*WORK REQUEST*
The data below should be restated word for word, pictures omitted.

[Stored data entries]
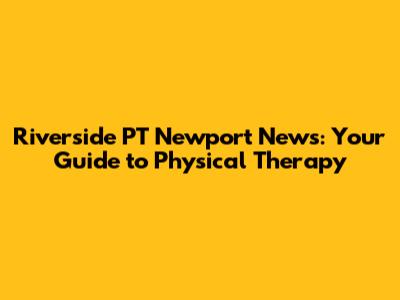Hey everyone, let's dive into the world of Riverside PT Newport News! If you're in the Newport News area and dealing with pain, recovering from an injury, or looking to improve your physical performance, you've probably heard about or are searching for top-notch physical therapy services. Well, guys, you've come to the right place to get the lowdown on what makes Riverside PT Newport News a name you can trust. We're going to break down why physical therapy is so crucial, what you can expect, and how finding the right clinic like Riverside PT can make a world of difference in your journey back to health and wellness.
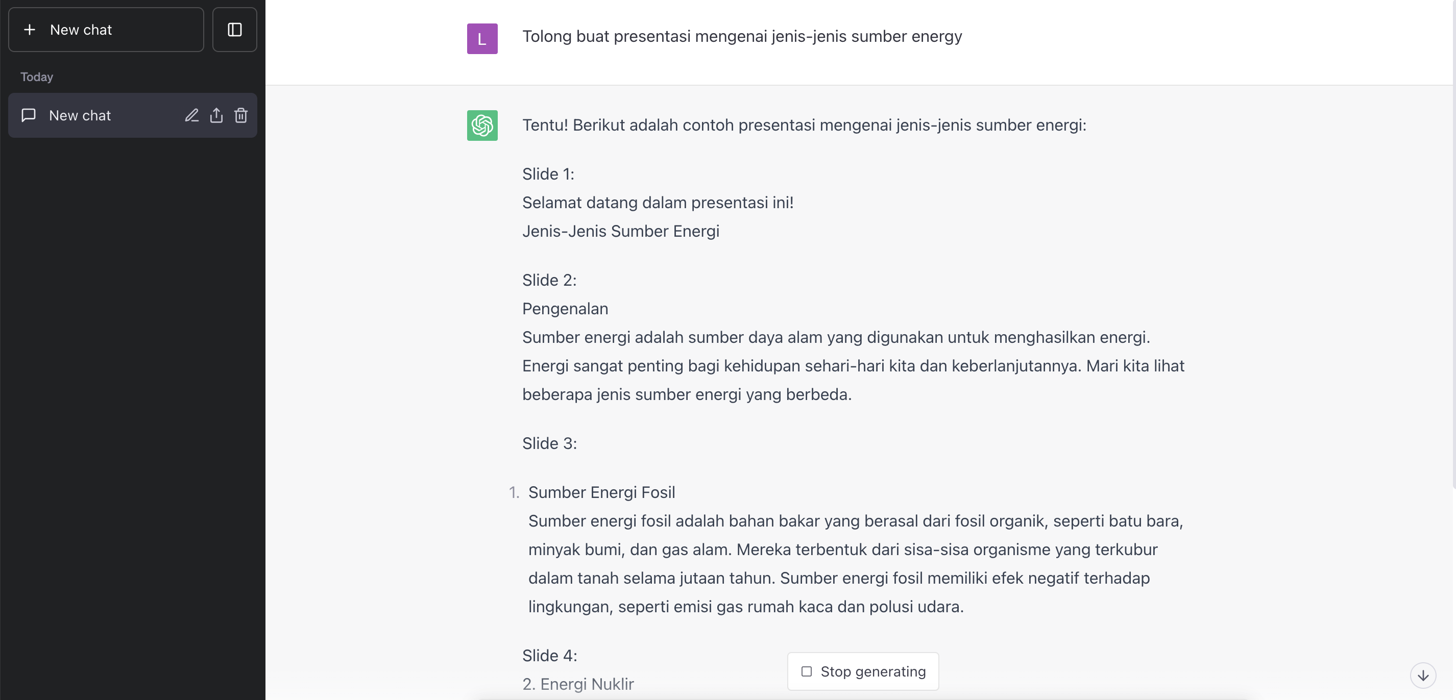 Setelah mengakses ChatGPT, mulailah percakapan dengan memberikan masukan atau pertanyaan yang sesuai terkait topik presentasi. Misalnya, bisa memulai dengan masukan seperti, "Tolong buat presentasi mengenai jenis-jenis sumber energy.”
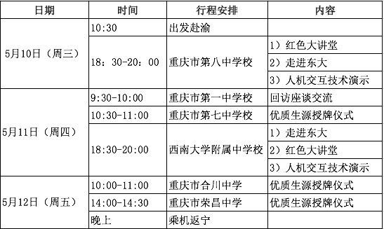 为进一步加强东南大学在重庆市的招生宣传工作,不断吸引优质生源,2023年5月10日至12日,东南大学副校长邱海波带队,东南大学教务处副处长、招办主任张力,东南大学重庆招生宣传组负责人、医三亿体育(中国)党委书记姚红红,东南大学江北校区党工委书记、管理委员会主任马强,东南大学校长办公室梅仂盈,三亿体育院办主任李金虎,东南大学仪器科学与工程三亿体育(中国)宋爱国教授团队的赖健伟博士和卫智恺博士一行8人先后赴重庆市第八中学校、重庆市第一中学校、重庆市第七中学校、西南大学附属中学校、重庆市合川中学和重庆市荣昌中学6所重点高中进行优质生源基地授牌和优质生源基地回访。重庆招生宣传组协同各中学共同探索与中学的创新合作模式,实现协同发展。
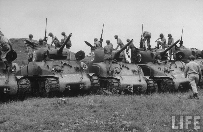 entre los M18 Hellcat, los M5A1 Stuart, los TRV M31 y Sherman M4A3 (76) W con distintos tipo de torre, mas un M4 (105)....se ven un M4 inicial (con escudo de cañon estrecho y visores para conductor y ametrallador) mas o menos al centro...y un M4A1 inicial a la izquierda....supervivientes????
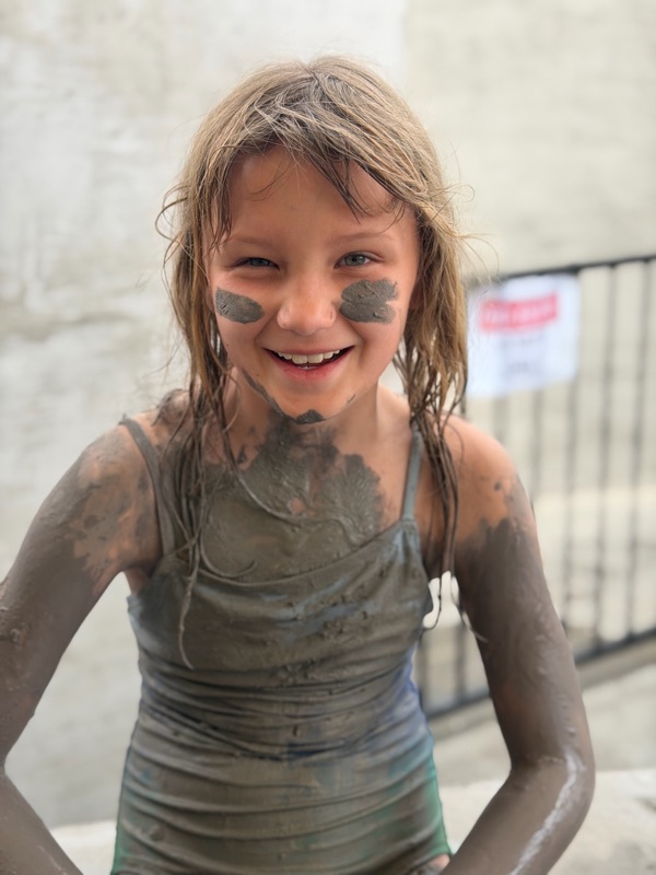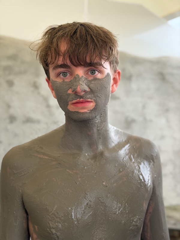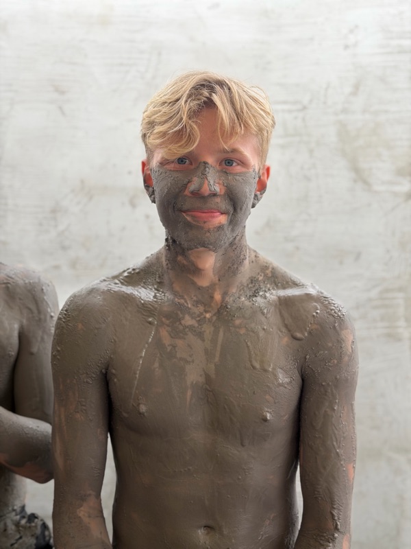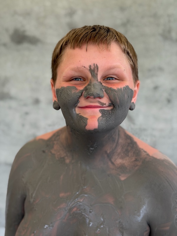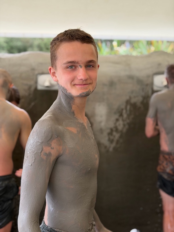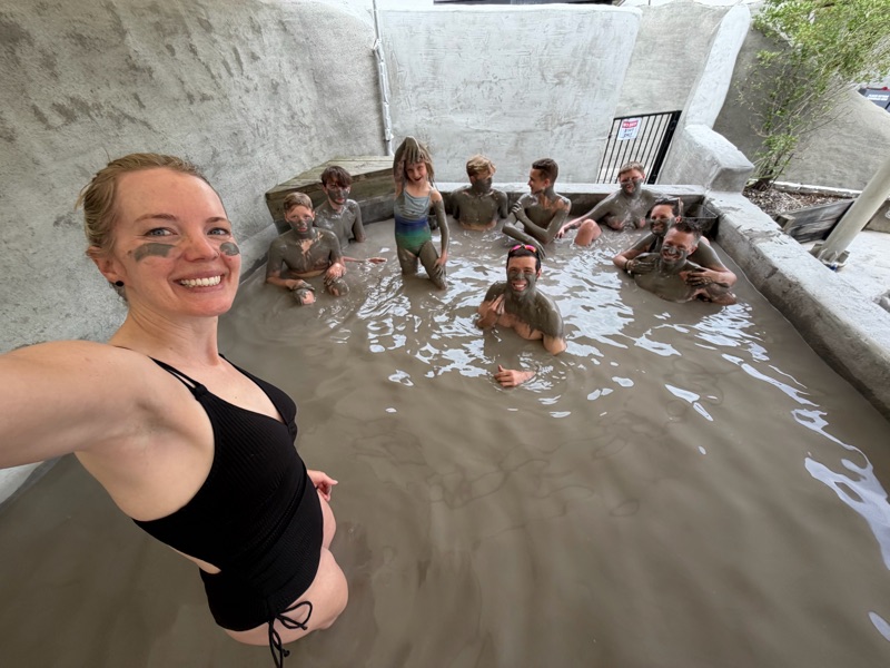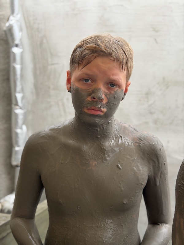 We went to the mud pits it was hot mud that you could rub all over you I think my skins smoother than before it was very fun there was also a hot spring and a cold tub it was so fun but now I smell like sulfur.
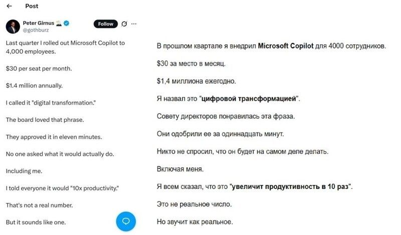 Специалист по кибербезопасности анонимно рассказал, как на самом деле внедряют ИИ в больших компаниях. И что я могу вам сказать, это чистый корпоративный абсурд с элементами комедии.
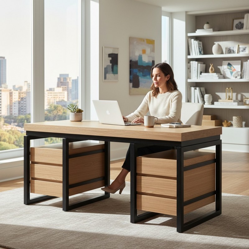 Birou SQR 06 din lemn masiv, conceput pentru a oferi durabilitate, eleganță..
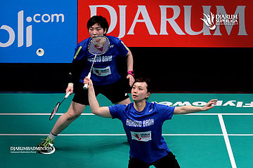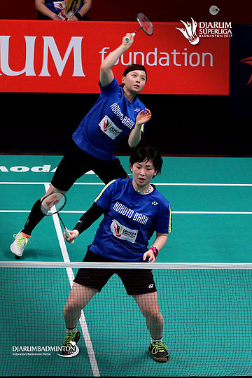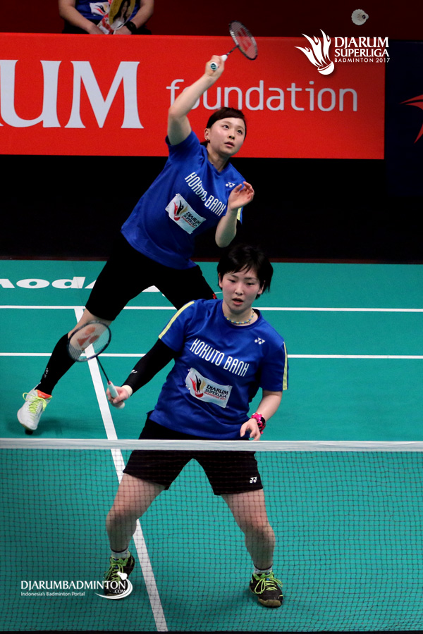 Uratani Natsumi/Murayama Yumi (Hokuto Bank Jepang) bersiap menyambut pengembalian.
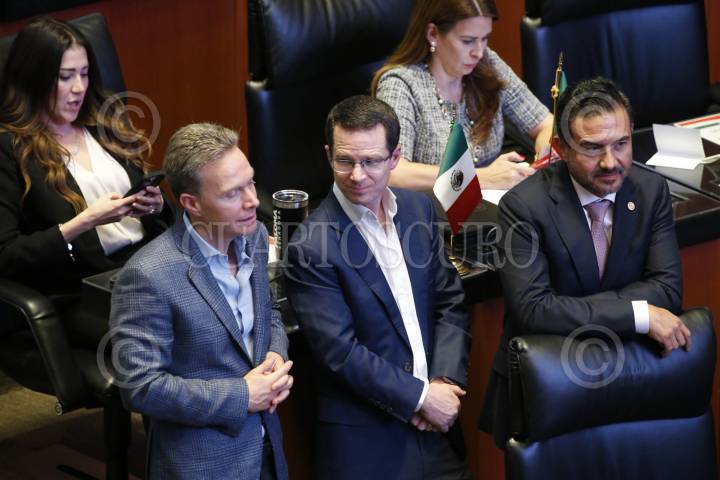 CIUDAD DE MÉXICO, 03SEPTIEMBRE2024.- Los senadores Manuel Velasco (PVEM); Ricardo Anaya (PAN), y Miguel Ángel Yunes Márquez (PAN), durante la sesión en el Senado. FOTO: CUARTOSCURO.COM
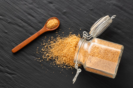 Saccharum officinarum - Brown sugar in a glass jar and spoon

*SOLUTION*
Hey everyone, let's dive into the world of Riverside PT Newport News! If you're in the Newport News area and dealing with pain, recovering from an injury, or looking to improve your physical performance, you've probably heard about or are searching for top-notch physical therapy services. Well, guys, you've come to the right place to get the lowdown on what makes Riverside PT Newport News a name you can trust. We're going to break down why physical therapy is so crucial, what you can expect, and how finding the right clinic like Riverside PT can make a world of difference in your journey back to health and wellness.
 Setelah mengakses ChatGPT, mulailah percakapan dengan memberikan masukan atau pertanyaan yang sesuai terkait topik presentasi. Misalnya, bisa memulai dengan masukan seperti, "Tolong buat presentasi mengenai jenis-jenis sumber energy.”
 为进一步加强东南大学在重庆市的招生宣传工作,不断吸引优质生源,2023年5月10日至12日,东南大学副校长邱海波带队,东南大学教务处副处长、招办主任张力,东南大学重庆招生宣传组负责人、医三亿体育(中国)党委书记姚红红,东南大学江北校区党工委书记、管理委员会主任马强,东南大学校长办公室梅仂盈,三亿体育院办主任李金虎,东南大学仪器科学与工程三亿体育(中国)宋爱国教授团队的赖健伟博士和卫智恺博士一行8人先后赴重庆市第八中学校、重庆市第一中学校、重庆市第七中学校、西南大学附属中学校、重庆市合川中学和重庆市荣昌中学6所重点高中进行优质生源基地授牌和优质生源基地回访。重庆招生宣传组协同各中学共同探索与中学的创新合作模式,实现协同发展。
 entre los M18 Hellcat, los M5A1 Stuart, los TRV M31 y Sherman M4A3 (76) W con distintos tipo de torre, mas un M4 (105)....se ven un M4 inicial (con escudo de cañon estrecho y visores para conductor y ametrallador) mas o menos al centro...y un M4A1 inicial a la izquierda....supervivientes????
 We went to the mud pits it was hot mud that you could rub all over you I think my skins smoother than before it was very fun there was also a hot spring and a cold tub it was so fun but now I smell like sulfur.
 Специалист по кибербезопасности анонимно рассказал, как на самом деле внедряют ИИ в больших компаниях. И что я могу вам сказать, это чистый корпоративный абсурд с элементами комедии.
 Birou SQR 06 din lemn masiv, conceput pentru a oferi durabilitate, eleganță..
 Uratani Natsumi/Murayama Yumi (Hokuto Bank Jepang) bersiap menyambut pengembalian.
 CIUDAD DE MÉXICO, 03SEPTIEMBRE2024.- Los senadores Manuel Velasco (PVEM); Ricardo Anaya (PAN), y Miguel Ángel Yunes Márquez (PAN), durante la sesión en el Senado. FOTO: CUARTOSCURO.COM
 Saccharum officinarum - Brown sugar in a glass jar and spoon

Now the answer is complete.